▸ Dataset excerpt
########################################

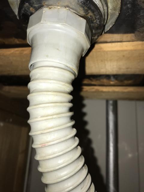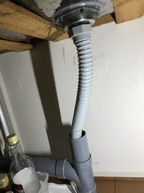 水漏れしている箇所は台所から排水管へと流れるホースの繋ぎ目で、使用すると少量ではありますが漏れていました。
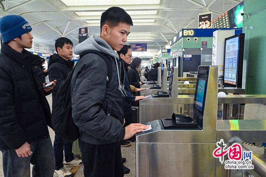 2025年春運期間,旅客南昌西站候車廳刷身份證驗票。中國網發 黃浩/攝
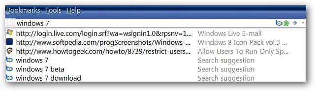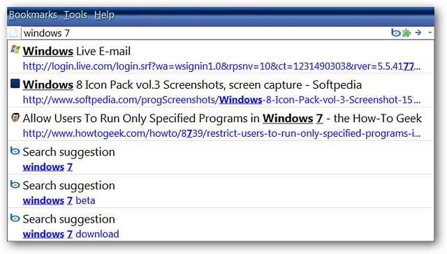 Đối với ví dụ đầu tiên của chúng tôi, bạn có thể thấy kết quả khi chúng tôi tiến hành tìm kiếm nhanh trên “Windows 7” (sử dụng dịch vụ đầu tiên trong ba dịch vụ được hiển thị từ Bing).
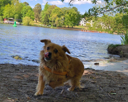 Jetzt üben wir Leine gehen, das dauert, aber die Kleine lernt schnell. Am einfachsten ist es natürlich in freiem Gelände, wo sie einfach so ohne Leine laufen darf, sie ist sehr süß und zeigt uns täglich ihre wieder gefundene Lebensfreude.

########################################

▸ What the task asks
Leaving every picture out, repeat each line of the material exactly.

▸ Written solution
 水漏れしている箇所は台所から排水管へと流れるホースの繋ぎ目で、使用すると少量ではありますが漏れていました。
 2025年春運期間,旅客南昌西站候車廳刷身份證驗票。中國網發 黃浩/攝
 Đối với ví dụ đầu tiên của chúng tôi, bạn có thể thấy kết quả khi chúng tôi tiến hành tìm kiếm nhanh trên “Windows 7” (sử dụng dịch vụ đầu tiên trong ba dịch vụ được hiển thị từ Bing).
 Jetzt üben wir Leine gehen, das dauert, aber die Kleine lernt schnell. Am einfachsten ist es natürlich in freiem Gelände, wo sie einfach so ohne Leine laufen darf, sie ist sehr süß und zeigt uns täglich ihre wieder gefundene Lebensfreude.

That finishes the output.